Like a lot of people, I've been thinking about WAR for a while, but after the 2012 AL MVP race, I became increasingly frustrated with the way that people were talking about WAR. The concept of WAR has a number of advantages: the units (wins) are easy to understand, and the quantity being measured is of obvious importance. This has fueled the popularity of WAR, but we're now in a place where journalists and news organizations are quoting WAR figures as if they were indisputable facts.
The truth is that multiple organizations (e.g. Fangraphs, BP, Baseball-Reference) produce estimates of WAR, but they are rarely labelled as such. The problem is compounded by the fact that none of the aforementioned organizations produce interval estimates for WAR—they only present point estimates. I think the people that produce WAR generally have a reasonable sense of the uncertainty that is associated with these estimates, but it seems like many of the people who read their blogs and then use those numbers to buttress their arguments don't necessarily have that perspective.
As statisticians, it is our responsibility to help people understand uncertainty, and that was really the impetus for this project. Incidentally, Nate Silver spoke about exactly this issue—the challenges of communicating statistical uncertainty to journalists—at the Joint Statistical Meetings last summer. The larger issue with the WAR estimates that are out there now is that they aren't really reproducible, at least not by scientific standards. Reproducibility has become a huge issue in scientific research, and I would love to see the sabermetric community recommit itself to this notion.

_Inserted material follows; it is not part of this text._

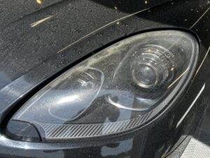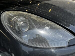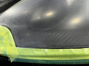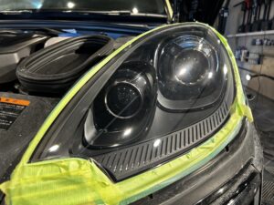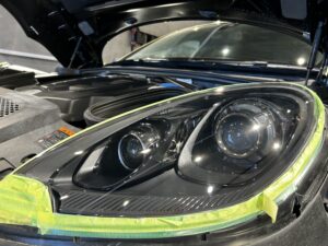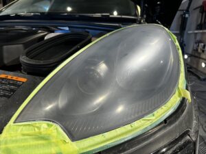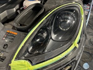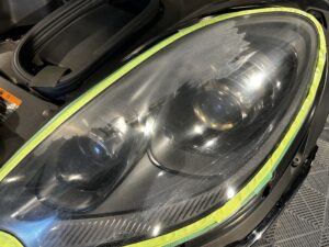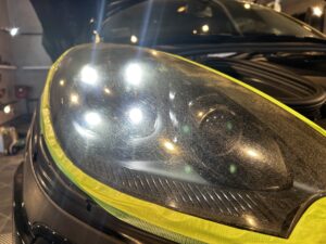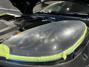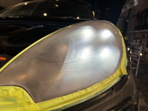 マスキングテープ等で養生行い、ヘッドライトの光の反射で
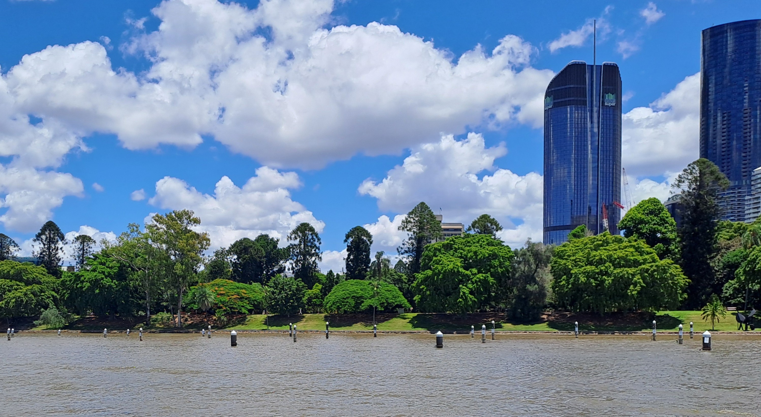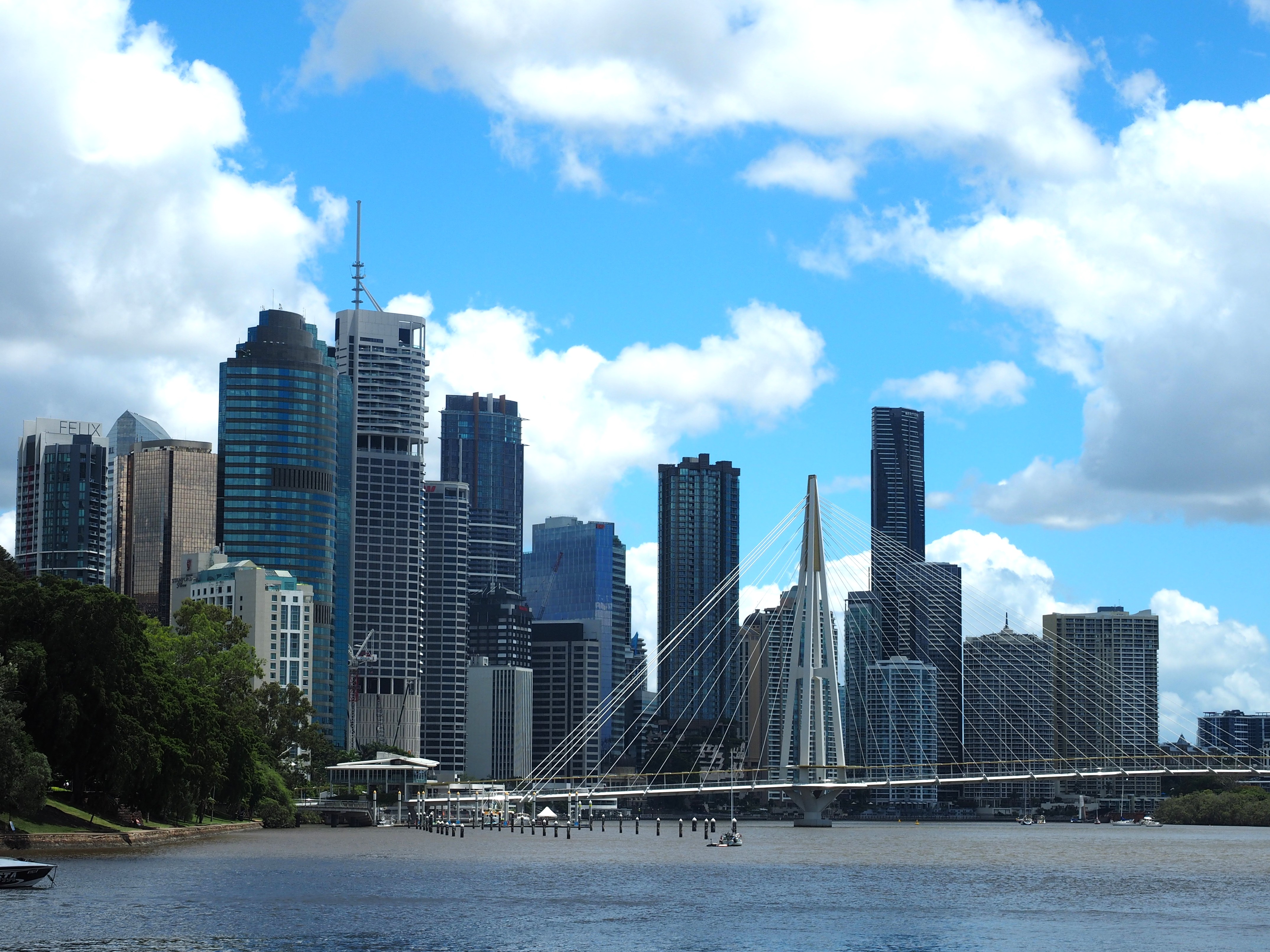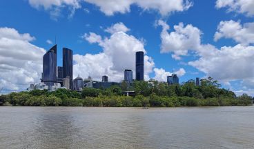 Brisbane, de hoofdstad van de deelstaat Queensland, staat bekend om zijn ontspannen, subtropische levensstijl en wordt vaak de "Sunshine State" hoofdstad genoemd. De stad is vooral populair bij jonge toeristen. De uitstraling is die van een moderne aangename stad. Brisbane heeft 2,7 miljoen inwoners en is daarmee de derde stad van Australië. Deze metropool heeft een typisch subtropisch klimaat met hete, vochtige zomers en zachte, droge winters. Vanaf het einde van de lente tot het begin van de herfst wordt Brisbane regelmatig getroffen door hevige onweersbuien, soms vergezeld door grote hagelstenen en zware windstoten. Vooraf waren wij daar een beetje bezorgd over, want Brisbane heeft op het gebied van zware regenval in de zomer een behoorlijke naam (in 2011 stond de stad zelfs onder water na wekenlange regens). Gelukkig hebben wij schitterend, zonnig en warm weer, wat de stad uitermate plezierig maakt om er te zijn.

What we produced, simply put, is a fully open-source implementation of WAR (which we're calling openWAR) that includes interval estimates. It's too early to make grandiose claims about the accuracy of openWAR relative to fWAR, rWAR, and WARP, but I do believe that if the community takes an interest in this, there is no reason why openWAR couldn't become the gold standard of WAR implementations in the future. The paper is currently under review, but the arXiv version should provide the details for those who are interested.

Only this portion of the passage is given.